Data excerpts

★ ★ ★ ★ ★

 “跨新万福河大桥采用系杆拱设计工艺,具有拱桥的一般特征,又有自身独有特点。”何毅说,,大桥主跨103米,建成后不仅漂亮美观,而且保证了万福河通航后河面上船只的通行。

★ ★ ★ ★ ★

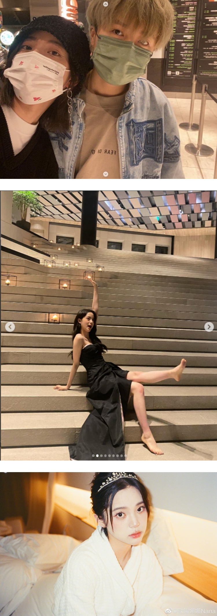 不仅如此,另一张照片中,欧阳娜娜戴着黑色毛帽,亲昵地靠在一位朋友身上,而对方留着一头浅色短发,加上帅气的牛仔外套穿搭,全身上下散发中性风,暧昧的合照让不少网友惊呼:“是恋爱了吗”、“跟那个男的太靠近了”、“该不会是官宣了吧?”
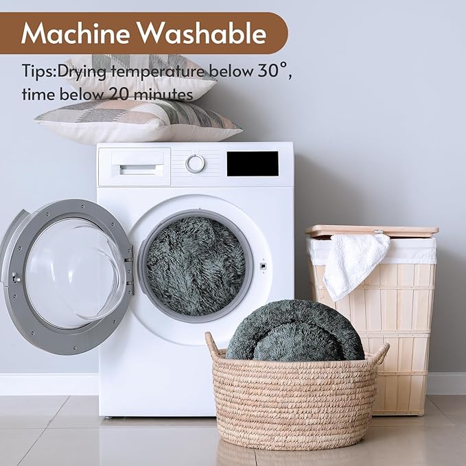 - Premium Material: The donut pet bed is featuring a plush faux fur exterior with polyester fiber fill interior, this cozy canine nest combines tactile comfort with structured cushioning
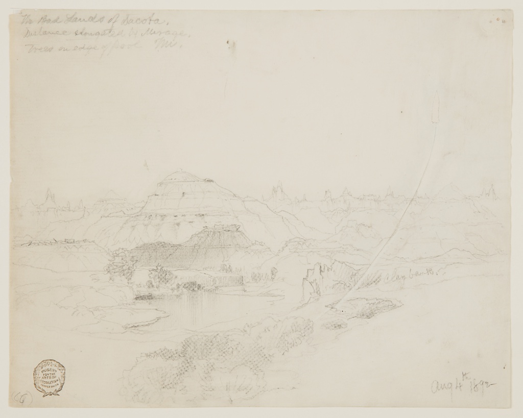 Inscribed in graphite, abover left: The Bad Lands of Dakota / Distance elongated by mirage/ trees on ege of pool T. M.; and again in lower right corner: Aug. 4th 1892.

★ ★ ★ ★ ★

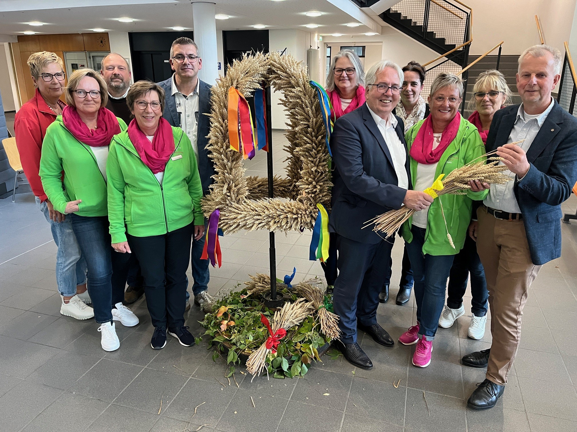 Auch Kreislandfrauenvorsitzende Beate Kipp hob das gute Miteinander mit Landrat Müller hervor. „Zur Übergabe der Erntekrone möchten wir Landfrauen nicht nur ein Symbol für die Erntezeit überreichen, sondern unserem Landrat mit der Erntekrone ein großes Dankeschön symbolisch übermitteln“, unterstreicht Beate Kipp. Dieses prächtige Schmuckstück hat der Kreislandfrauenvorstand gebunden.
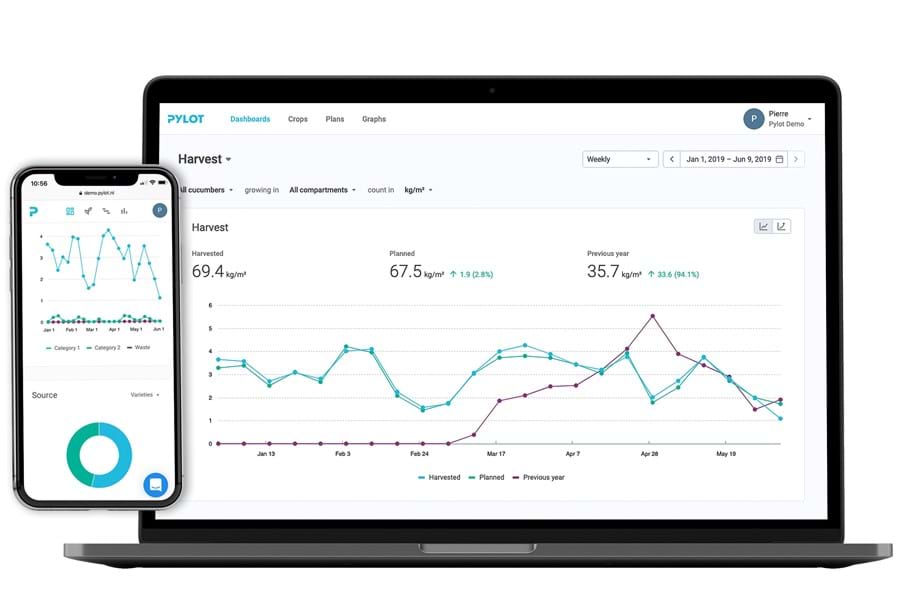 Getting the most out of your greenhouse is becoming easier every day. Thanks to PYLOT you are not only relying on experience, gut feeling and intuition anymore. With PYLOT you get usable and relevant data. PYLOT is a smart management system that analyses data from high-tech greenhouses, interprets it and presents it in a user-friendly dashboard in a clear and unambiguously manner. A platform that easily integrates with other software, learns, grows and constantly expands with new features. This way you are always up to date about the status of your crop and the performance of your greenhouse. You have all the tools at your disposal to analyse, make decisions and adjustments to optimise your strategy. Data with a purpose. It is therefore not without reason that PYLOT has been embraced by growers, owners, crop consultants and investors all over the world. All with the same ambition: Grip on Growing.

★ ★ ★ ★ ★

Only one stretch of the entries above is needed: the lines from the one containing "不仅如此,另一张照片中,欧阳" through the one containing "Inscribed in graphite, abover". Copy it exactly, without the pictures.

 不仅如此,另一张照片中,欧阳娜娜戴着黑色毛帽,亲昵地靠在一位朋友身上,而对方留着一头浅色短发,加上帅气的牛仔外套穿搭,全身上下散发中性风,暧昧的合照让不少网友惊呼:“是恋爱了吗”、“跟那个男的太靠近了”、“该不会是官宣了吧?”
 - Premium Material: The donut pet bed is featuring a plush faux fur exterior with polyester fiber fill interior, this cozy canine nest combines tactile comfort with structured cushioning
 Inscribed in graphite, abover left: The Bad Lands of Dakota / Distance elongated by mirage/ trees on ege of pool T. M.; and again in lower right corner: Aug. 4th 1892.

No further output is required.